Цветы в тумане: вглядываясь в Азию - Владимир Вячеславович Малявин
Со временем имперское и локальное отходят все дальше друг от друга, все больше радикализируются и друг с другом конфликтуют. В отдельных случаях, как было в Японии, – образце крайнего локализма – происходит инверсия имперства и локальности, и тогда верх берет национально-консервативная идеология в имперской оболочке. Японцы и сегодня убеждены, что понимают исконно китайский ритуал лучше самих китайцев, хотя безбожно путают сущность ритуального действия с дисциплиной и церемонностью. И, конечно, японский апофеоз искусственности жизни, этот едва ли не единственный в мире жизнеспособный триумф бессилия воли, достигается ценой самого безжалостного внутреннего насилия.

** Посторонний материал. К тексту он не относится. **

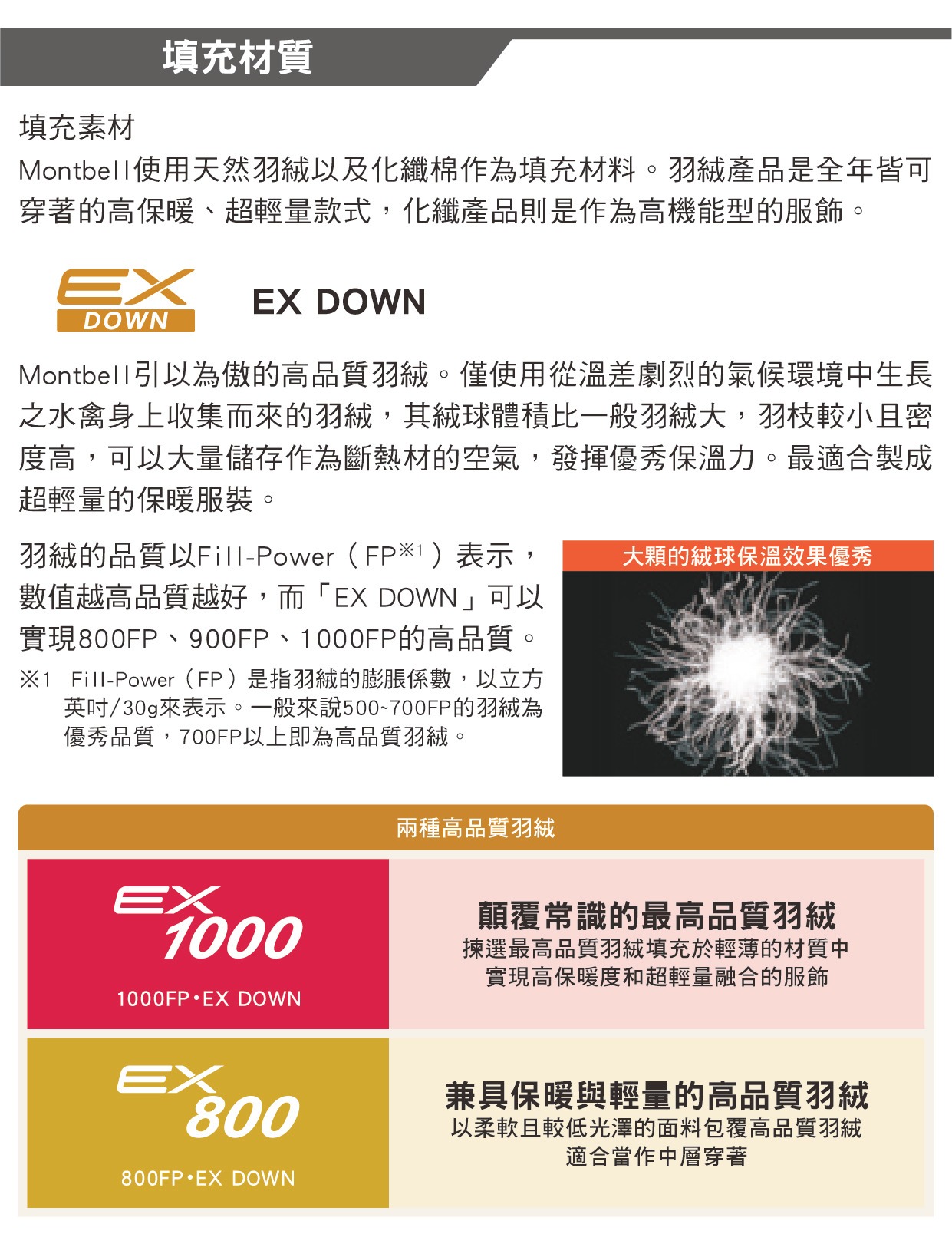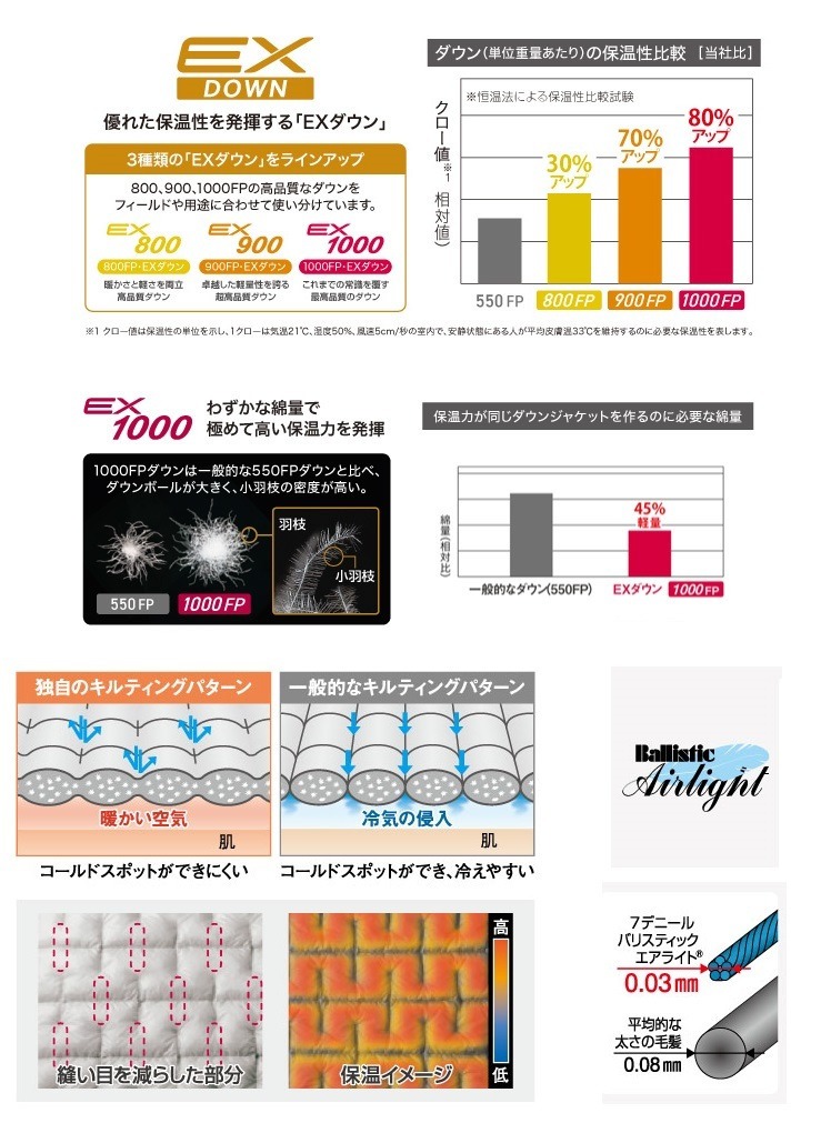 保暖增幅 80%:1000FP EX Down 的保暖性能比一般 550FP 羽絨高出 80%。

Вьетнам являет ситуацию более запутанную, промежуточную и к тому же сильно усложненную французским колониальным владычеством. Упорное сопротивление всему китайскому, заставившее вьетнамцев даже отказаться от иероглифов ради латиницы, как и сильнейшее давление тех же французов, не помешало появлению во Вьетнаме конфуцианского социума и конфуциански окрашенного национализма. Вспомнить хотя бы южновьетнамского диктатора Нго Дин Дьема – ревностного католика по вере и несгибаемого конфуцианца по характеру, уже в начале 60-х годов запретившего танцы и даже любовные песенки. Тем не менее в Восточной Азии консервативный национализм в борьбе с национализмом революционным (в высшей своей фазе переходящим в квазиимперский коммунизм) повсюду потерпел поражение. Причина очевидна: невозможно влить молодое националистическое вино в старые мехи ритуальной культуры (этот урок, не сомневаюсь, ожидает и наших консервативных фантазеров от национализма).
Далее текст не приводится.